Aim for an exact copy of the listing, without any images.

#### [Supplied entries]
- - -
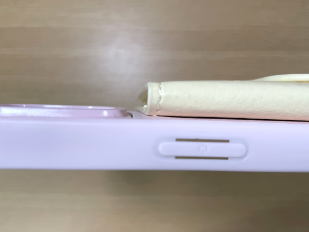 こちらはカードケースが付属したスマホケース。外側に1枚、内側に2枚のカードを収納できる。3枚も収納できるものは珍しいのではないだろうか。写真はPK×IV(ピンク×アイボリー)。パステルピンクだけでもかわいいが、アイボリーが良いアクセントになっていてさらにかわいい!
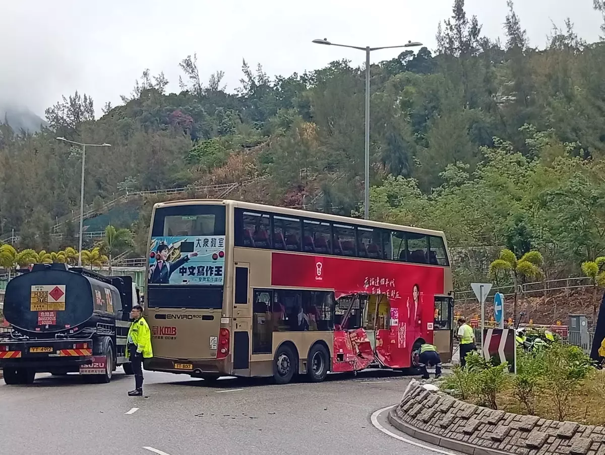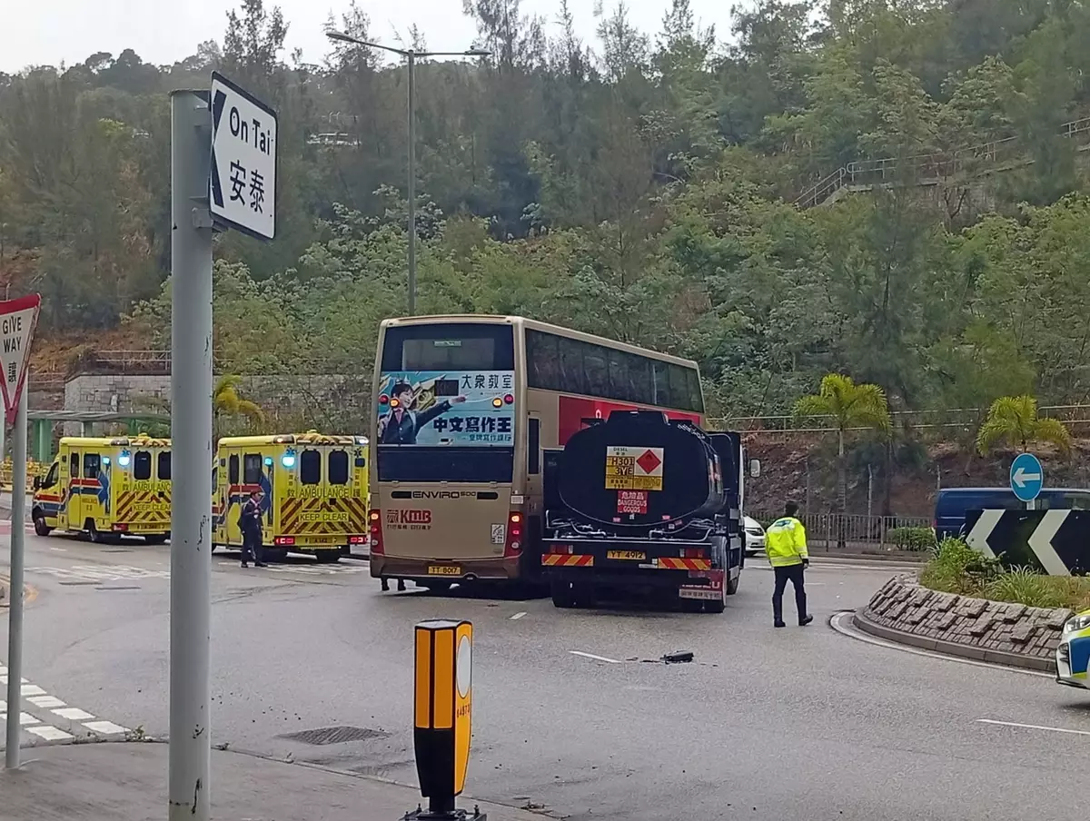 秀茂坪有巴士與運油車相撞,3人受傷。
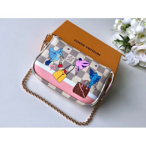Inspirowane świątecznymi oknami Louis Vuitton w Galeries Lafayette w Paryżu, akcesoria Mini Pochette z płótna Damier Azur są ozdobione nadrukiem fantazyjnych bawiących się ptaków. Dzięki złotemu łańcuszkowi tę szykowną saszetkę można przymocować do innej torby lub nosić ją samodzielnie.
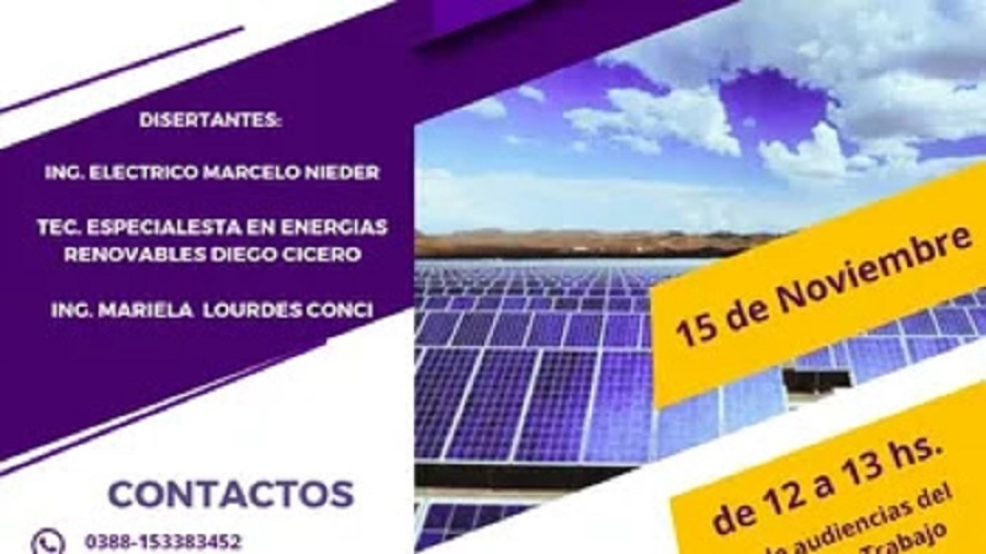 El encuentro tendrá lugar en la Sala de Audiencias del Tribunal de Trabajo del Centro Judicial, mañana miércoles 15 de noviembre, en horas del mediodía. La capacitación será dictada por el ingeniero Marcelo Nieder, también director de Energías Renovables y Eficiencia Energética de la Secretaría de Energía, Diego Cicero, técnico especialista en Energías Renovables, y la ingeniera Mariela Lourdes Conci.
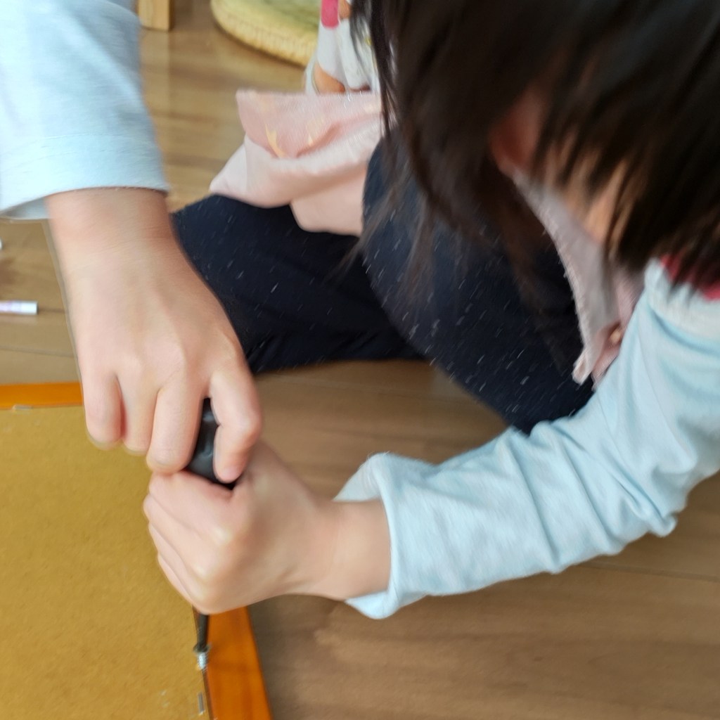 くるくる回りながらネジが入っていく様子と、木片とネジ山がピタッと合う最後の感覚が気持ちよかったようです。そう言えば、こんな子どものオモチャもありましたよね。興味の対象が意外で、とても驚きました。
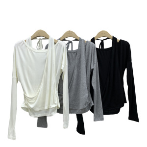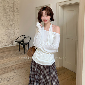 BENYAN本言 秋季法式温柔风假两件设计挂脖长袖露肩针织衫女82278
- - -
#### [Written answer]
 こちらはカードケースが付属したスマホケース。外側に1枚、内側に2枚のカードを収納できる。3枚も収納できるものは珍しいのではないだろうか。写真はPK×IV(ピンク×アイボリー)。パステルピンクだけでもかわいいが、アイボリーが良いアクセントになっていてさらにかわいい!
 秀茂坪有巴士與運油車相撞,3人受傷。
Inspirowane świątecznymi oknami Louis Vuitton w Galeries Lafayette w Paryżu, akcesoria Mini Pochette z płótna Damier Azur są ozdobione nadrukiem fantazyjnych bawiących się ptaków. Dzięki złotemu łańcuszkowi tę szykowną saszetkę można przymocować do innej torby lub nosić ją samodzielnie.
 El encuentro tendrá lugar en la Sala de Audiencias del Tribunal de Trabajo del Centro Judicial, mañana miércoles 15 de noviembre, en horas del mediodía. La capacitación será dictada por el ingeniero Marcelo Nieder, también director de Energías Renovables y Eficiencia Energética de la Secretaría de Energía, Diego Cicero, técnico especialista en Energías Renovables, y la ingeniera Mariela Lourdes Conci.
 くるくる回りながらネジが入っていく様子と、木片とネジ山がピタッと合う最後の感覚が気持ちよかったようです。そう言えば、こんな子どものオモチャもありましたよね。興味の対象が意外で、とても驚きました。
 BENYAN本言 秋季法式温柔风假两件设计挂脖长袖露肩针织衫女82278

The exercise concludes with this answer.